■ BRIEF
Word for word, copy all the data and drop the pictures.
[SOURCE RECORDS — start]
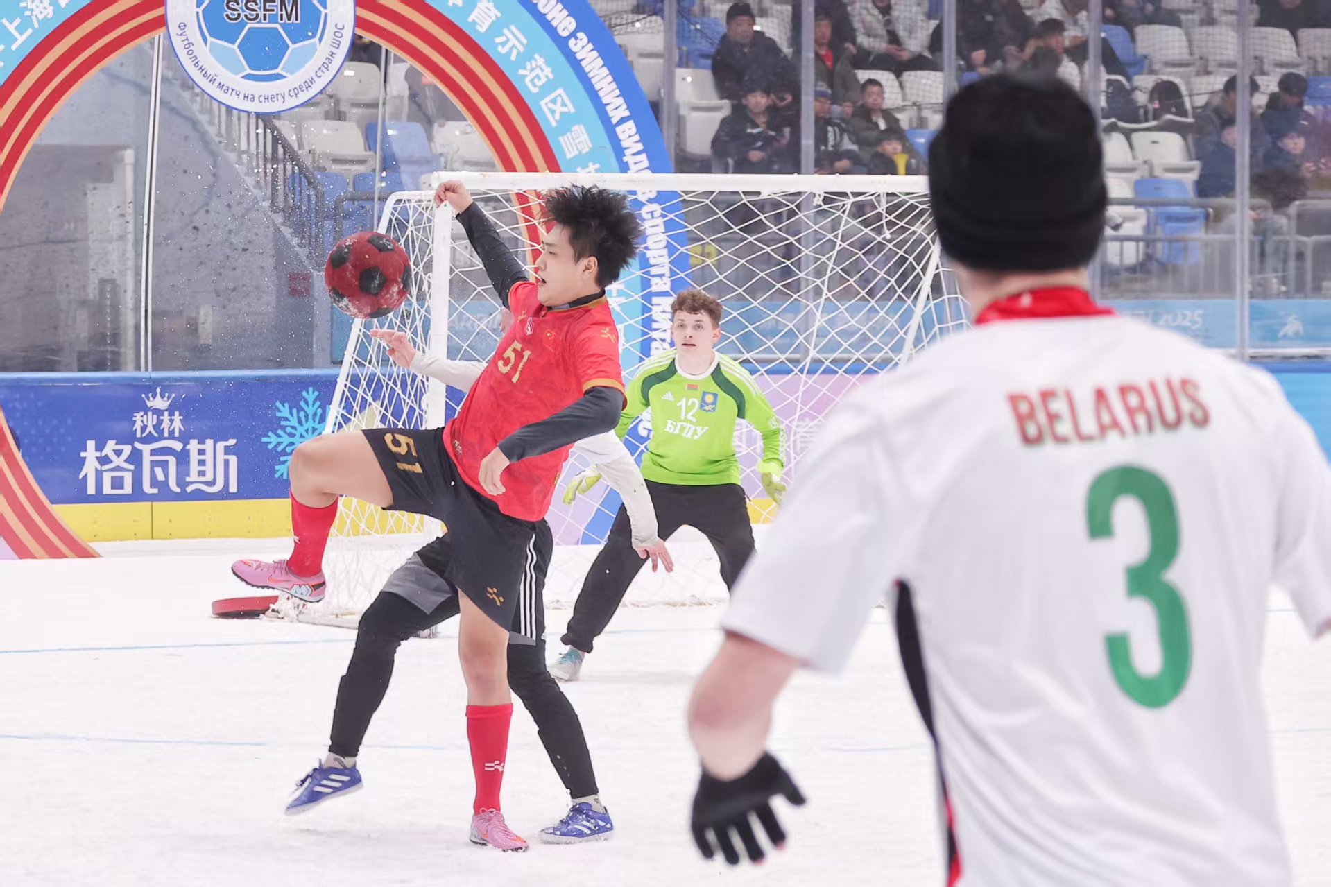 人民网哈尔滨3月9日电 (记者徐成龙)日前,“冰超”2026第三届中国—上海合作组织冰雪体育示范区雪地足球比赛开幕式在哈尔滨冰球馆举行。
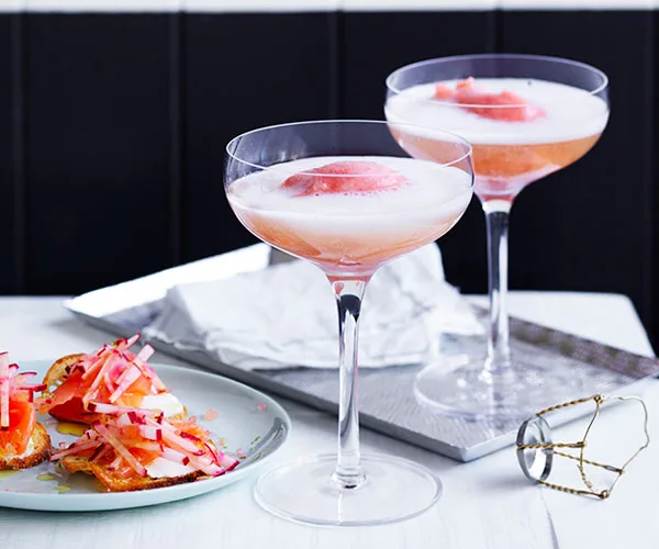 The sorbet can be made ahead and ready to go when it’s time to start the festivities. It’s quite forgiving when it comes to the choice of wine; it could be prosecco, say, a light Lambrusco or Franciacorta for something a little special. This Sgroppino could also be served in place of dessert, perhaps using moscato d’Asti as the sparkling. For extra punch, add a touch of vodka or peach liqueur.
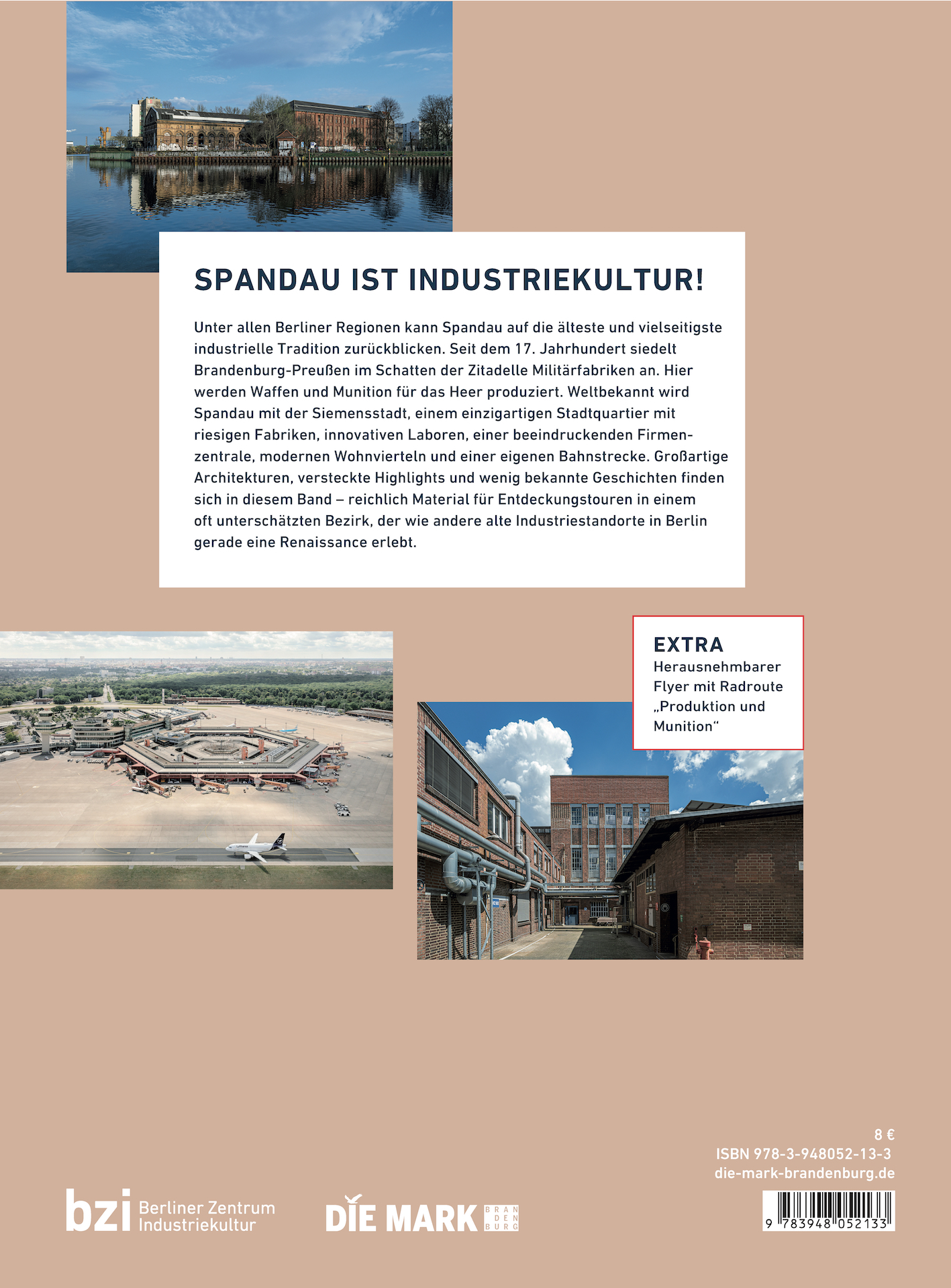 SPANDAU IST INDUSTRIEKULTUR!Unter allen Berliner Regionen kann Spandau auf die älteste und vielseitigste industrielle Tradition zurückblicken. Seit dem 17. Jahrhundert siedelt Brandenburg-Preußen im Schatten der Zitadelle Militärfabriken an. Hier werden Waffen und Munition für das Heer produziert. Weltbekannt wird Spandau mit der Siemensstadt, einem einzigartigen Stadtquartier mit riesigen Fabriken, innovativen Laboren, einer beeindruckenden Firmenzentrale, modernen Wohnvierteln und einer eigenen Bahnstrecke. Großartige Architekturen, versteckte Highlights und wenig bekannte Geschichten finden sich in diesem Band - reichlich Material für Entdeckungstouren in einem oft unterschätzten Bezirk, der wie andere alte Industriestandorte in Berlin gerade eine Renaissance erlebt.EXTRAHerausnehmbarer Flyer mit Radroute "Produktion und Munition"
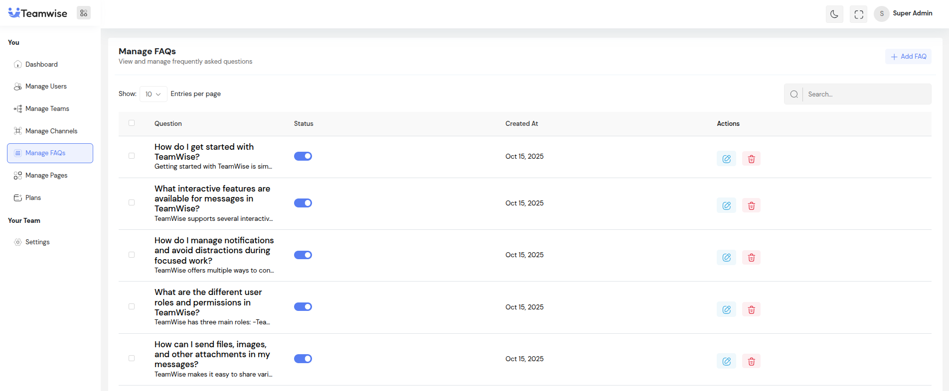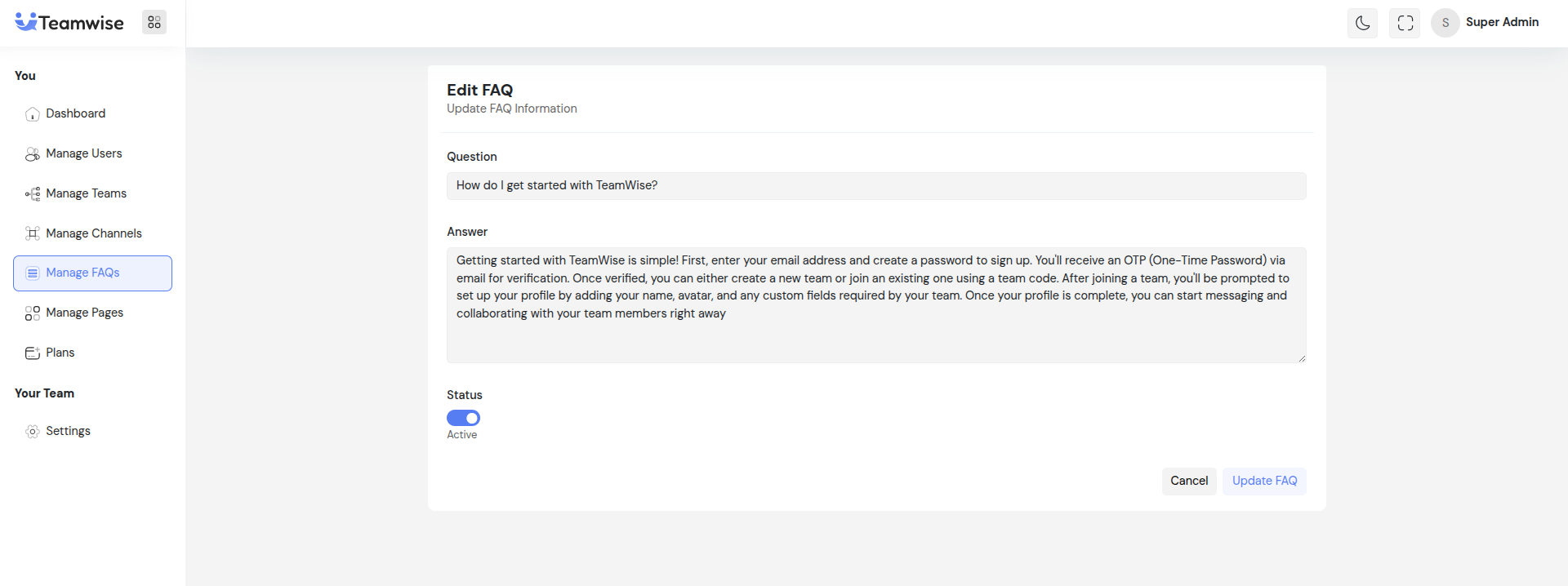 Admin can activate/deactivate FAQs using the status toggle. Active FAQs are visible to users, inactive ones are hidden. Status changes take effect immediately.
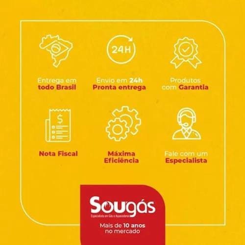 Fabricado pela Sougas, especialista em gás e aquecedores, o aro é produzido com materiais de alta qualidade, garantindo durabilidade e resistência. A Sougas é uma distribuidora e assistência técnica autorizada das principais marcas do segmento, com mais de 10 anos de experiência no mercado.
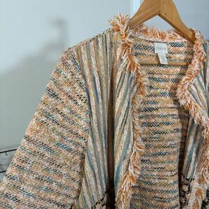 CHICOS 2 (large) Stylish Tweed Women's Multicolor Sweater Cardigan Jacket
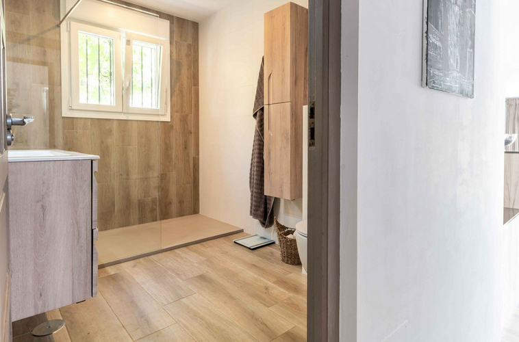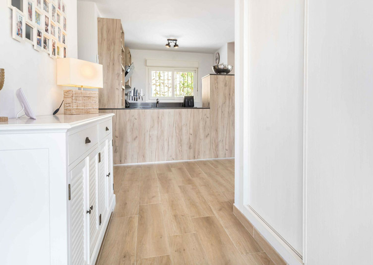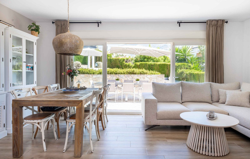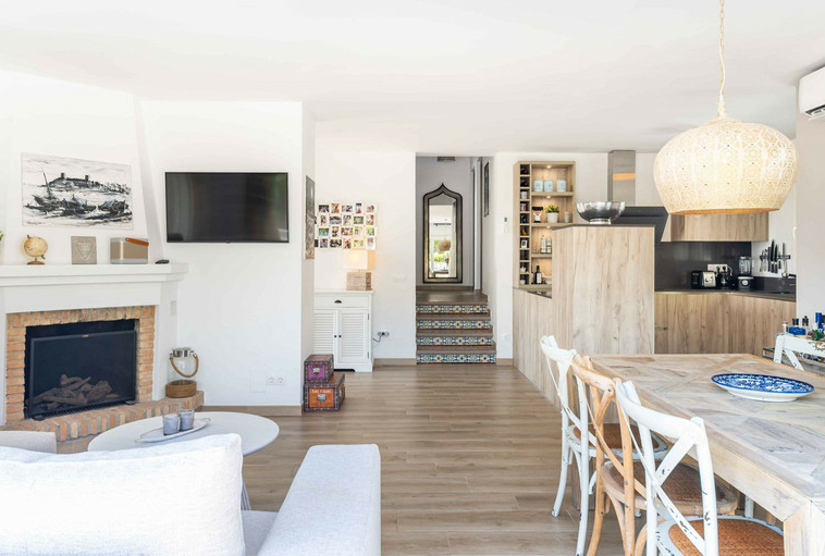 En el interior encontrará 3 dormitorios, 2 baños de estilo escandinavo recién renovados, una cocina americana nueva, un lavadero, un comedor abierto y un salón con chimenea y puertas correderas de cristal de suelo a techo con acceso a una de las terrazas más amplias.
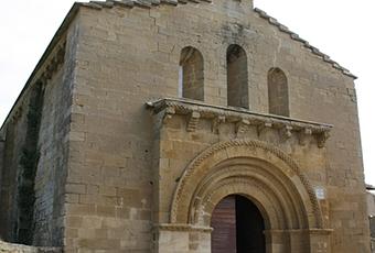 El exterior, de sillar trabajado. Vanos mínimos, estrecho y medio punto. Portada con tres arquivoltas, ajedrezado. En la clave un crismón de seis radios.
[SOURCE RECORDS — finish]
■ RESPONSE
 人民网哈尔滨3月9日电 (记者徐成龙)日前,“冰超”2026第三届中国—上海合作组织冰雪体育示范区雪地足球比赛开幕式在哈尔滨冰球馆举行。
 The sorbet can be made ahead and ready to go when it’s time to start the festivities. It’s quite forgiving when it comes to the choice of wine; it could be prosecco, say, a light Lambrusco or Franciacorta for something a little special. This Sgroppino could also be served in place of dessert, perhaps using moscato d’Asti as the sparkling. For extra punch, add a touch of vodka or peach liqueur.
 SPANDAU IST INDUSTRIEKULTUR!Unter allen Berliner Regionen kann Spandau auf die älteste und vielseitigste industrielle Tradition zurückblicken. Seit dem 17. Jahrhundert siedelt Brandenburg-Preußen im Schatten der Zitadelle Militärfabriken an. Hier werden Waffen und Munition für das Heer produziert. Weltbekannt wird Spandau mit der Siemensstadt, einem einzigartigen Stadtquartier mit riesigen Fabriken, innovativen Laboren, einer beeindruckenden Firmenzentrale, modernen Wohnvierteln und einer eigenen Bahnstrecke. Großartige Architekturen, versteckte Highlights und wenig bekannte Geschichten finden sich in diesem Band - reichlich Material für Entdeckungstouren in einem oft unterschätzten Bezirk, der wie andere alte Industriestandorte in Berlin gerade eine Renaissance erlebt.EXTRAHerausnehmbarer Flyer mit Radroute "Produktion und Munition"
 Admin can activate/deactivate FAQs using the status toggle. Active FAQs are visible to users, inactive ones are hidden. Status changes take effect immediately.
 Fabricado pela Sougas, especialista em gás e aquecedores, o aro é produzido com materiais de alta qualidade, garantindo durabilidade e resistência. A Sougas é uma distribuidora e assistência técnica autorizada das principais marcas do segmento, com mais de 10 anos de experiência no mercado.
 CHICOS 2 (large) Stylish Tweed Women's Multicolor Sweater Cardigan Jacket
 En el interior encontrará 3 dormitorios, 2 baños de estilo escandinavo recién renovados, una cocina americana nueva, un lavadero, un comedor abierto y un salón con chimenea y puertas correderas de cristal de suelo a techo con acceso a una de las terrazas más amplias.
 El exterior, de sillar trabajado. Vanos mínimos, estrecho y medio punto. Portada con tres arquivoltas, ajedrezado. En la clave un crismón de seis radios.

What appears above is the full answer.